___ Recorded information

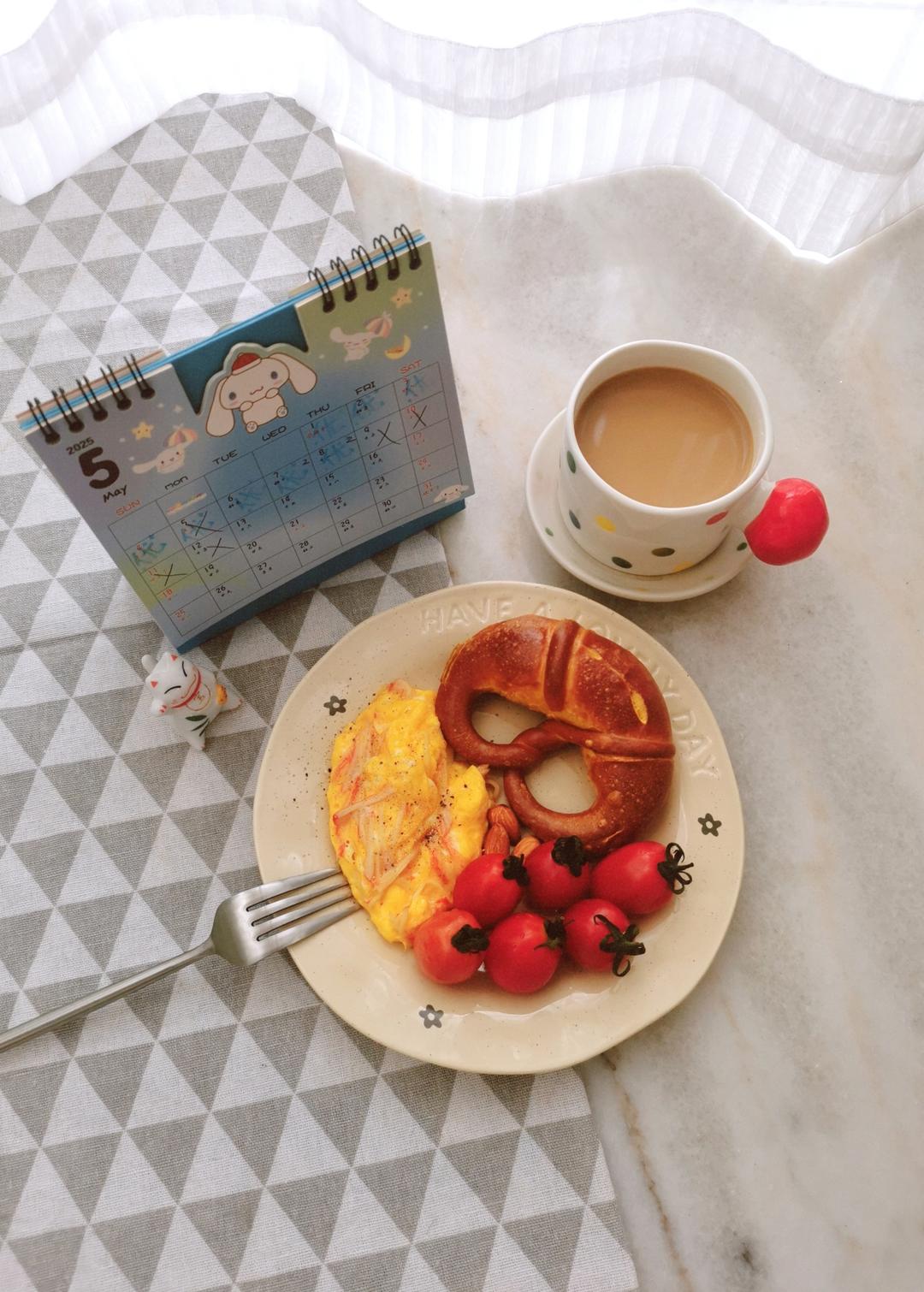 咖啡☕,蟹柳滑蛋,德国结碱水...
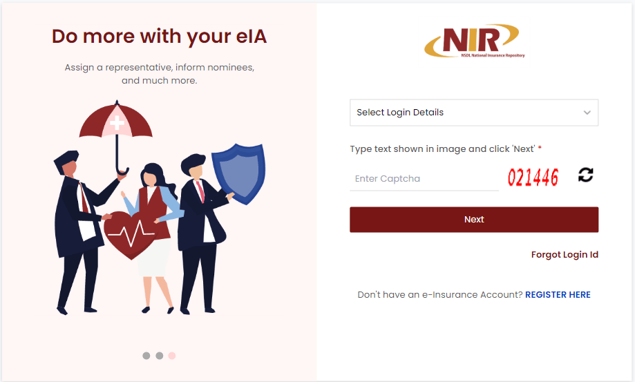 स्टेप 2 – पोर्टल मे लॉगिन करके अपना E-Insurance Account खोलें
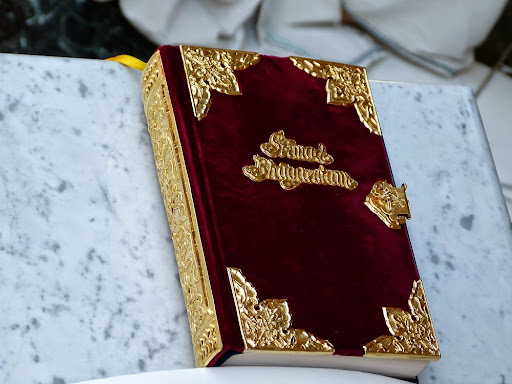 В знак почтения, каждый общинник предлагает скульптуре Шрилы Прабхупады цветы, которые кладёт на серебряные сандалии, и кланяется — женщины в пояс, мужчины — во весь рост.
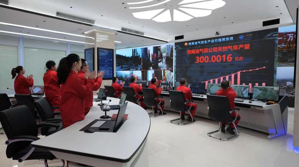 12月14日上午8点,记者在西南油气田公司天然气生产调度大厅看到,伴随着大屏幕上显示的数字不断跳动上涨,西南油气田今年的天然气总产量突破了300亿方,日产量也超过1亿方,两项数据均创造了历史最高纪录。按一个三口之家每天使用约一立方米天然气为平均值,以现有日产量计算,西南油气田公司可保证近三亿人每天的用气需求。

______

# What the task requires
Produce a verbatim transcription of every line in the listing, images omitted.

# The completed task
 咖啡☕,蟹柳滑蛋,德国结碱水...
 स्टेप 2 – पोर्टल मे लॉगिन करके अपना E-Insurance Account खोलें
 В знак почтения, каждый общинник предлагает скульптуре Шрилы Прабхупады цветы, которые кладёт на серебряные сандалии, и кланяется — женщины в пояс, мужчины — во весь рост.
 12月14日上午8点,记者在西南油气田公司天然气生产调度大厅看到,伴随着大屏幕上显示的数字不断跳动上涨,西南油气田今年的天然气总产量突破了300亿方,日产量也超过1亿方,两项数据均创造了历史最高纪录。按一个三口之家每天使用约一立方米天然气为平均值,以现有日产量计算,西南油气田公司可保证近三亿人每天的用气需求。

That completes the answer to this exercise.